= Leopold Kohr =

Austrian economist, jurist and political scientist (1909–1994)

Leopold Kohr (5 October 1909 – 26 February 1994) was an economist, jurist and political scientist known both for his opposition to the "cult of bigness" in social organization and as one of those who inspired the Small Is Beautiful movement. For almost twenty years, he was Professor of Economics and Public Administration at the University of Puerto Rico. He described himself as a "philosophical anarchist." His most influential work was The Breakdown of Nations. In 1983, he was awarded the Right Livelihood Award for "his early inspiration of the movement for a human scale." Kohr is considered to represent anti-imperialist, anti-capitalist, and anti-utilitarist concepts and ideology. He was also considered a green anarchist. Kohr was a mentor of E. F. Schumacher as well as Ivan Illich.

==Life and work==
Kohr was born in a Jewish family on 5 October 1909 in the small town of Oberndorf, near Salzburg, and it remained his ideal of community. He often commented on the fact that the Christmas carol "Silent Night" was written and composed as "Stille Nacht" in his home village. He earned doctorate degrees in law, at the University of Innsbruck, Austria, and political science, at the University of Vienna. He also studied economics and political theory at the London School of Economics.

In 1937, Kohr became a freelance correspondent during the Spanish Civil War, and he was impressed by the limited, self-contained governments of the separatist states of Catalonia and Aragon, as well as the small Spanish anarchist city-states of Alcoy and Caspe. He became a close friend of the journalist George Orwell and shared offices with the correspondents Ernest Hemingway and André Malraux.

Kohr fled Austria in 1938 after it had been annexed by Nazi Germany, and he emigrated to the United States. He later became an American citizen.

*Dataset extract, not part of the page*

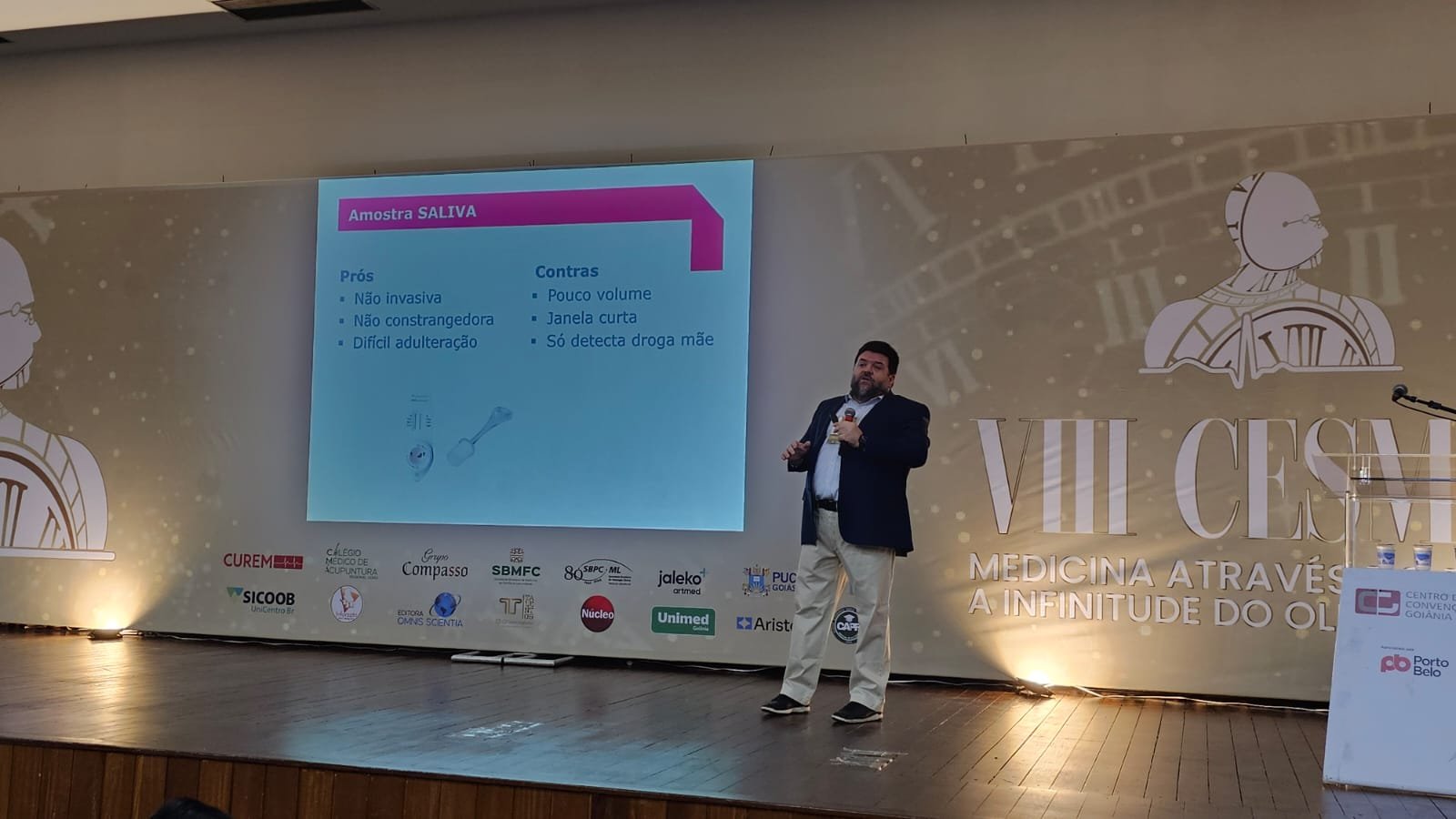 O CESMED é atualmente o maior congresso brasileiro e um dos maiores da América Latina organizado exclusivamente por acadêmicos de Medicina. Realizamos quatro palestras de médicos da SBPC/ML. O patologista clínico, Dr Eduardo Emery, realizou a palestra “Falsos resultados laboratoriais: importância dos interferentes no imunodiagnóstico”. Ele mostrou que falsos resultados laboratoriais podem ter um impacto significativo na prática clínica, levando a diagnósticos errôneos, tratamentos inadequados e até mesmo complicações para os pacientes. Foram abordados os desafios enfrentados no diagnóstico preciso devido a interferências nos resultados laboratoriais e os alunos puderam compreender a importância da qualidade nos testes diagnósticos.

Kohr taught economics and political philosophy at Rutgers University, New Jersey, from 1943 to 1955. From 1955 to 1973, he was professor of Economics and Public Administration in the University of Puerto Rico, in San Juan, except for a period in 1965–1966 during which he was professor of economics at the University of the Americas, in Mexico City, Mexico. During those years he developed his concepts of village renewal and traffic calming and "lent his advice to local city planning initiatives". He also advised the independence movement of the nearby island of Anguilla.

After many rejections by American and British publishers, Kohr's first book, The Breakdown of Nations, was published in 1957 in Britain after a chance meeting with the anarchist Sir Herbert Read.

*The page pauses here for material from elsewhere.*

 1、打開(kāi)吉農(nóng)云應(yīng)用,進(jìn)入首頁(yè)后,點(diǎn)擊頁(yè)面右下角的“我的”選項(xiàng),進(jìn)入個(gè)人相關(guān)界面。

Kohr moved from Puerto Rico to Wales, where he taught political philosophy at the University College of Wales, Aberystwyth from 1968 to 1977. The project of Welsh independence, founded on the ideal of cymdeithas (community) was dear to him, and Kohr became a mentor to Plaid Cymru and a close friend of its leader, Gwynfor Evans. Amongst all separatist movements, Kohr was especially fond of the Welsh one - because of this, he is considered a Welsh independentist in particular.

After retiring from teaching, Kohr divided his time between Gloucester, England, and Hellbrunn, outside Salzburg.

In 1983, in Stockholm, Sweden, Kohr received the Right Livelihood Award "for his early inspiration of the movement for a human scale". In 1984, Salzburg created the Leopold Kohr Academy and Cultural Association "Tauriska" to put his theories of regional autonomy into practice.

Kohr was planning to return to his hometown of Oberndorf to live when he died in Gloucester, England in 1994. His ashes were buried there. The Salzburg journalist Gerald Lehner completed a biography of Kohr, based in part on long audiotaped interviews, in 1994.

Kohr was described as a charming conversationalist and a witty and elegant debunker of popular assumptions. The author Ivan Illich described him as "a funny bird—meek, fey, droll, and incisive", as well as "unassuming" and even "radically humble".

A friend of Raphael Lemkin, Kohr wrote to express his concern "that the crime of genocide will end up giving rise to the very conditions it seeks to ameliorate", by increasing the potential for intergroup conflict.

==Philosophy==
Kohr described himself as a "philosophical anarchist", protested the "cult of bigness" and economic growth and promoted the concept of human scale and small community life. He argued that massive external aid to poorer nations stifled local initiatives and participation. His vision called for a dissolution of centralized political and economic structures in favor of local control.

In his first published essay, "Disunion Now: A Plea for a Society based upon Small Autonomous Units", published in Commonweal in 1941, Kohr wrote about a Europe at war: "We have ridiculed the many little states, now we are terrorized by their few successors". He called for the breakup of Europe into hundreds of city states. Kohr developed his ideas in a series of books, including The Breakdown of Nations (1957), Development Without Aid (1973) and The Overdeveloped Nations (1977).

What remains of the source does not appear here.